■ **How to complete this task**: Give back each entry exactly as written, apart from the pictures.

════════════════════

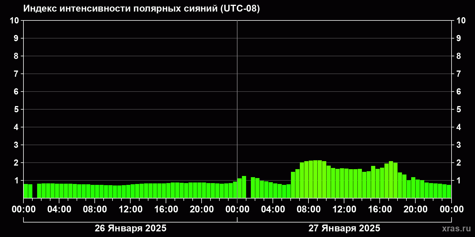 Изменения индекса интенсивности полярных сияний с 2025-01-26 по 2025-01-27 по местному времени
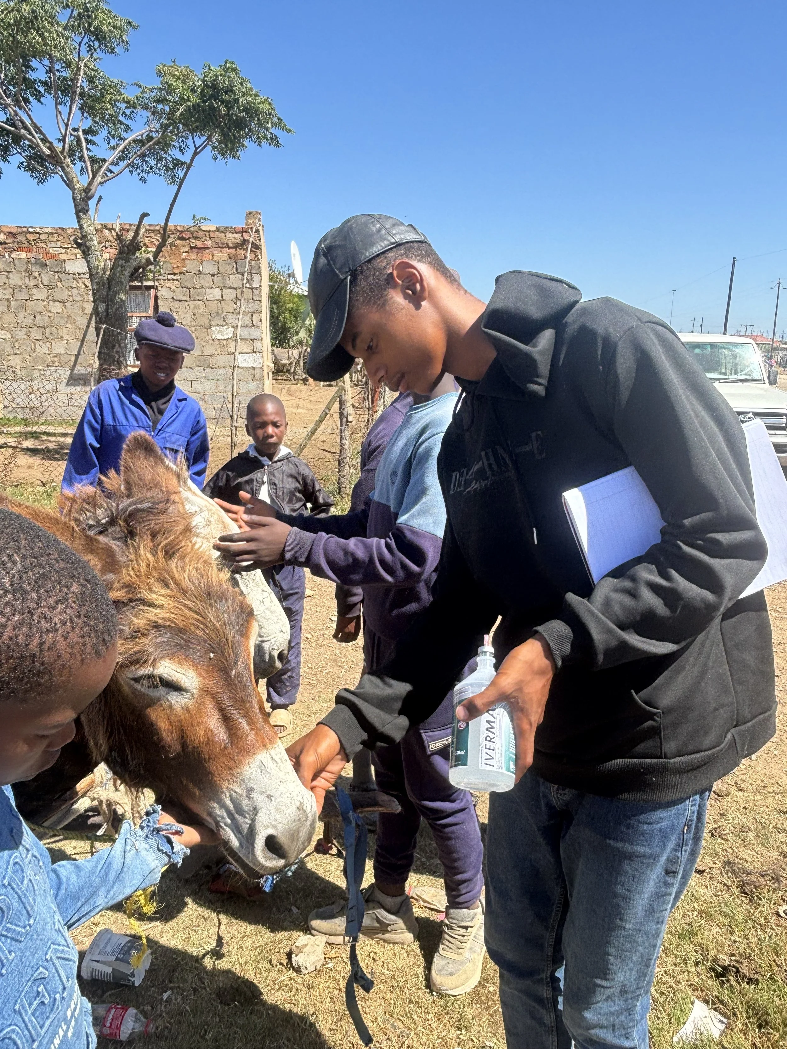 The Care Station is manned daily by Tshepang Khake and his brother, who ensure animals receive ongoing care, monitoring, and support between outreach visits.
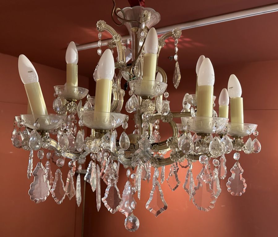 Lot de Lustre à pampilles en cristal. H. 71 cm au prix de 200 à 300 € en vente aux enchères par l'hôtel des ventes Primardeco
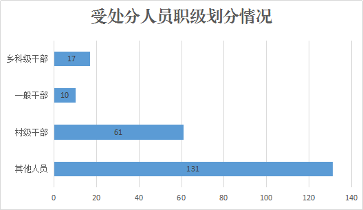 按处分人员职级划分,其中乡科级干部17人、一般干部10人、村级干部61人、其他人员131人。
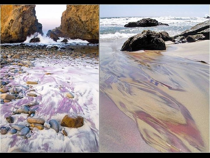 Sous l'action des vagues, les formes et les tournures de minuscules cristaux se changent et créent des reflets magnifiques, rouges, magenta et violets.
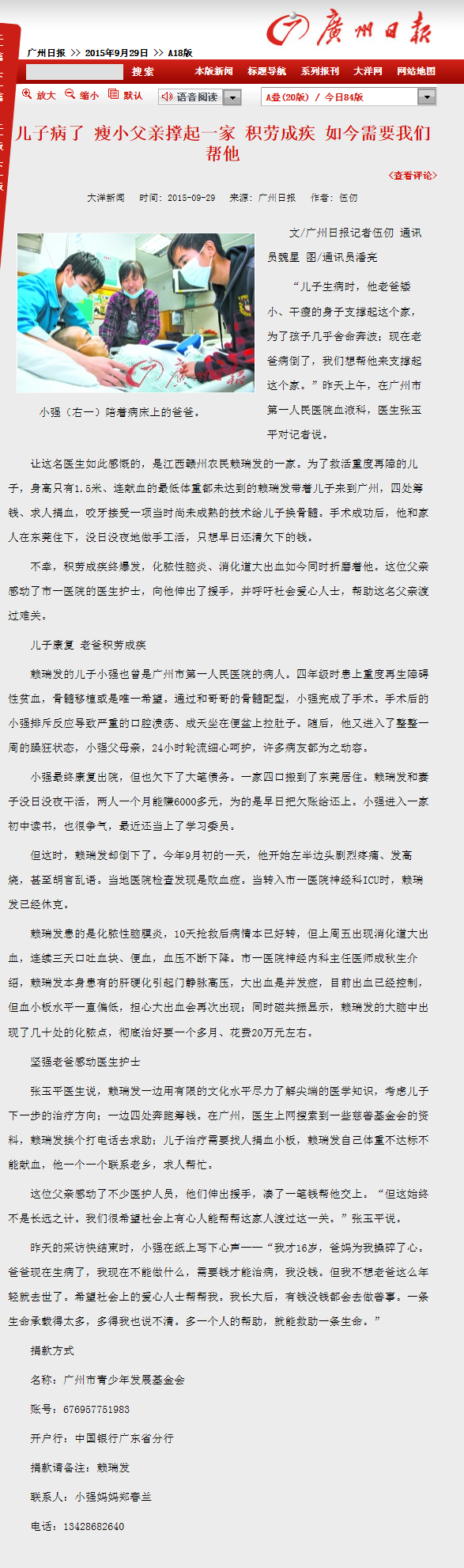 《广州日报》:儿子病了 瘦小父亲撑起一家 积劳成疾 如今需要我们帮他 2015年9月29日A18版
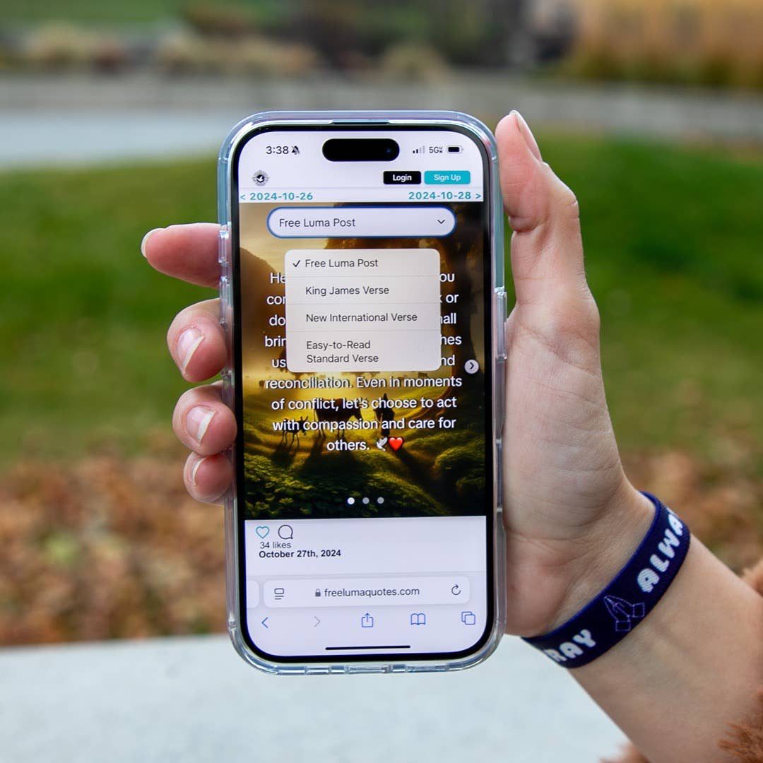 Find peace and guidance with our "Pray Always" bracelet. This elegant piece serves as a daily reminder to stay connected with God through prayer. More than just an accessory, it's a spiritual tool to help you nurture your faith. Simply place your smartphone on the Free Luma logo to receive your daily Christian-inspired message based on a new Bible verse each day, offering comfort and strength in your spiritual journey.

════════════════════

■ **Task solution**:
 Изменения индекса интенсивности полярных сияний с 2025-01-26 по 2025-01-27 по местному времени
 The Care Station is manned daily by Tshepang Khake and his brother, who ensure animals receive ongoing care, monitoring, and support between outreach visits.
 Lot de Lustre à pampilles en cristal. H. 71 cm au prix de 200 à 300 € en vente aux enchères par l'hôtel des ventes Primardeco
 按处分人员职级划分,其中乡科级干部17人、一般干部10人、村级干部61人、其他人员131人。
 Sous l'action des vagues, les formes et les tournures de minuscules cristaux se changent et créent des reflets magnifiques, rouges, magenta et violets.
 《广州日报》:儿子病了 瘦小父亲撑起一家 积劳成疾 如今需要我们帮他 2015年9月29日A18版
 Find peace and guidance with our "Pray Always" bracelet. This elegant piece serves as a daily reminder to stay connected with God through prayer. More than just an accessory, it's a spiritual tool to help you nurture your faith. Simply place your smartphone on the Free Luma logo to receive your daily Christian-inspired message based on a new Bible verse each day, offering comfort and strength in your spiritual journey.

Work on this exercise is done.